Сушкова не поняла Лермонтова. Тогда он прямо сказал о том, что она на самом деле не любит Лопухина, с которым хочет связать свою судьбу. Сушкова возразила поэту, заверив, что будет счастлива и спокойна за свое будущее с ним. Лермонтов предложил ей знаменательную дилемму: “Скажите, если бы вас в одно время любили два молодые человека, один — пускай это будет Лопухин, он богат, счастлив, все ему улыбается, все пред ним преклоняется, все ему доступно, единственно потому только, что он богат!
Другой же молодой человек далеко не богат, не знатен, не хорош собой, но умен, но пылок, восприимчив и глубоко несчастлив; он стоит на краю пропасти (характерная лермонтовская метафора — Д. С.), потому что никому и ни во что не верит, не знает, что такое взаимность, что такое ласка матери, дружба сестры, и если бы этот бедняк решился обратиться к вам и сказать вам: спаси меня, я тебя боготворю, ты сделаешь из меня великого человека, полюби меня, и я буду верить в Бога, ты одна можешь спасти мою душу. Скажите, чтобы вы сделали?”
Сушкова уклонилась от ответа. “А между тем, все мои помышления были для Лермонтова.
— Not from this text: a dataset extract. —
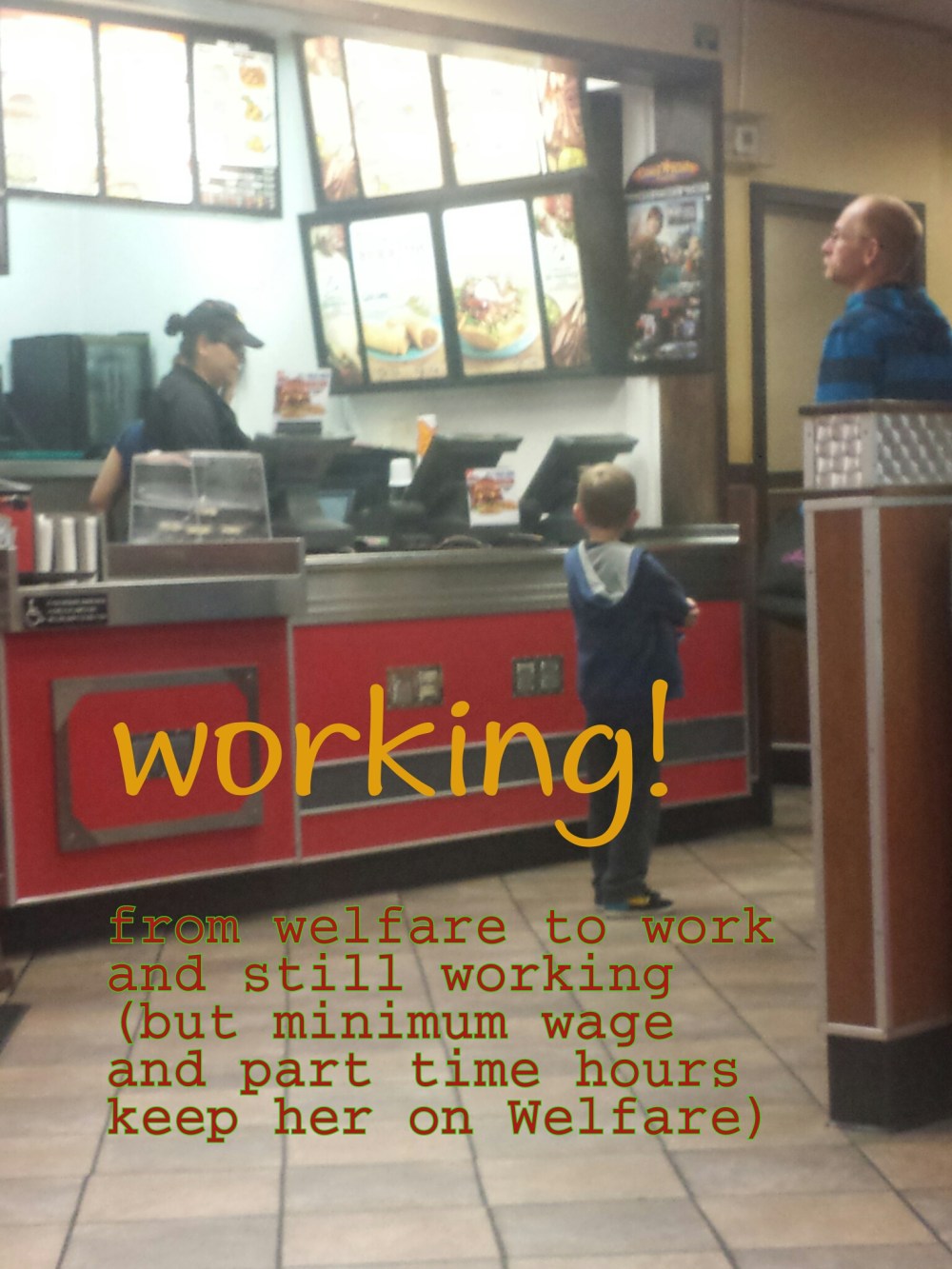 She is working but the low pay and minimum hours keep her tethered to cash assistance and aid… but she feels great about the positive change of even go having go having a job!

Я вспоминала малейшее его слово, везде видела его жгучие глаза, поцелуй его все еще звучал в ушах и раздавался в сердце, но я не признавалась себе, что люблю его”.
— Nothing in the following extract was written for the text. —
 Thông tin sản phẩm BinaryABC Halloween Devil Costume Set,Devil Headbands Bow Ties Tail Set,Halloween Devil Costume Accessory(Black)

Как-то вечером Лермонтов сообщил Сушковой, что Лопухин знает о его ухаживаниях за девушкой, что они встретились как враги и что между ними возможна дуэль. При этом поэт уверил Сушкову, что будет драться за нее и никому ее не отдаст. Несчастная девушка была сбита с толку. Ее растерянность, впрочем, воспринимается не без улыбки: “Он уехал, я осталась одна с самыми грустными мыслями, с самыми черными предчувствиями. Мне все казалось, что Мишель лежит передо мной в крови, раненный, умирающий; я старалась в воображении моем заменить его труп трупом Лопухина; это мне не удавалось, и, несмотря на мои старания, Лопухин являлся передо мной беленьким, розовым, с светлым взором, с самодовольной улыбкой. Я жмурила глаза, но обе эти картины не изменялись, не исчезли. Совесть уже мучила меня за Лопухина; сердце билось, замирало, жило одним только Лермонтовым”.
Лермонтов упрекал Сушкову в кокетстве: “Какая слава для вас: два брата, два друга за вас сделаются непримиримыми врагами, убийцами. Весь Петербург, вся Москва будут с неделю говорить о вас! Довольно ли этого для вашего ненасытного самолюбия, для вашего кокетства?” И доводил ее до слез: “Скажите, что я сделала, чтобы заслужить такие колкие и дерзкие выражения?.. Вот и теперь на бале, в кругу блеска, золота, веселья, меня преследует ваш образ окровавленный, обезображенный, я вижу вас умирающим, я страдаю за вас, готова сейчас заплакать, а вы упрекаете меня в кокетстве!”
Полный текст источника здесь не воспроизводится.